34th Governor of West Bengal
- In office 18 November 2022 – 12 March 2026
- Chief Minister: Mamata Banerjee
- Preceded by: La. Ganesan (additional charge)
- Succeeded by: R. N. Ravi

Personal details
- Born: 2 January 1951 (age 75) Mannanam, Kottayam, Travancore-Cochin (present-day Keralam), India
- Spouse: Lakshmi Bose
- Children: 2
- Parent(s): P. K. Vasudevan Nair, Padmavathy Amma
- Education: University of Kerala (M.A.) BITS Pilani (Ph.D.)
- Occupation: Politician; civil servant;
- Awards: Jawaharlal Nehru Fellowship
- Website: drcvanandabose.com

= C. V. Ananda Bose =

Former Governor of West Bengal

Chettezham Vasudevan Nair Ananda Bose (born 2 January 1951) is an Indian retired Indian Administrative Service officer of the batch of 1977 and politician, who served as the 21st Governor of West Bengal from 2022 until his resignation in 2026.

== Early life==
Ananda Bose was born at Mannanam in the Kottayam district of Kerala to freedom fighter P. K. Vasudevan Nair and Padmavathy Amma, a former government official.

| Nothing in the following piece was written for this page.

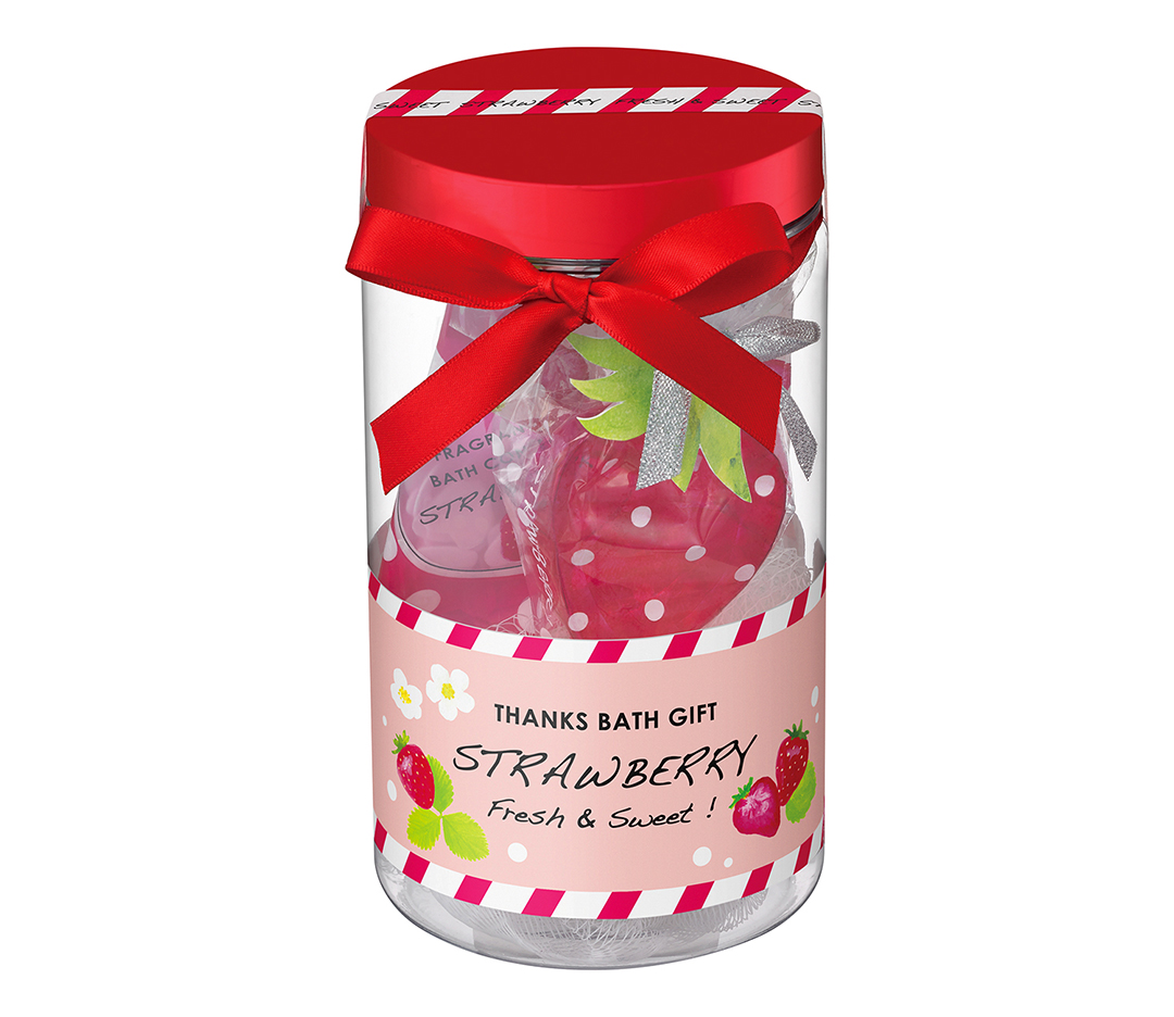 バスソルト、バスコンフェッティ、ゲストソープ、バススポンジをセットに。イチゴの香りを思う存分堪能できちゃう、スペシャルな詰め合わせだよ☆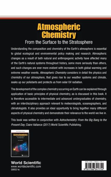 Understanding the composition and chemistry of the Earth's atmosphere is essential to global ecological and environmental policy making and research. Atmospheric changes as a result of both natural and anthropogenic activity have affected many of the Earth's natural systems throughout history, some more seriously than others, and such changes are ever more evident with increases in both global warming and extreme weather events. Atmospheric Chemistry considers in detail the physics and chemistry of our atmosphere, that gives rise to our weather systems and climate, soaks up our pollutants and protects us from solar UV radiation. The development of the complex chemistry occurring on Earth can be explained through application of basic principles of physical chemistry, as is discussed in this book. It is therefore accessible to intermediate and advanced undergraduates of chemistry, with an interdisciplinary approach relevant to meteorologists, oceanographers, and climatologists. It also provides an ideal opportunity to bring together many different aspects of physical chemistry and demonstrate their relevance to the world we live in. This book was written in conjunction with Astrochemistry: From the Big Bang to the Present Day, Claire Vallance (2017) World Scientific Publishing.

Bose studied at St. Ephrem’s School, Mannanam; Kuriakose Elias College, Mannanam; and then at St. Berchmans College, Changanassery, before earning a Ph.D. from BITS, Pilani.

== Career ==
As the administrator of the National Museum, Bose launched a 100-day programme which spelt out specific measures to revamp and revitalise the institution. Most of the improvements suggested were achieved in 60 days, such as opening the closed-down galleries, modernising the display and lighting, launching outreach programmes to take the museum to the community, arranging children's programme to ignite young minds to the greatness of India's national heritage, organising international exhibitions and launching the People's Museum movement, to mention a few.

== Personal life ==
Ananda Bose is married to L. S. Lakshmi, and the couple has a son and a daughter. His daughter, Nandita Bose, died of cancer in 2017. He has 350 publications to his credit, including 70 books, consisting of novels, short stories, and poems in Malayalam, Hindi, English, and Bengali.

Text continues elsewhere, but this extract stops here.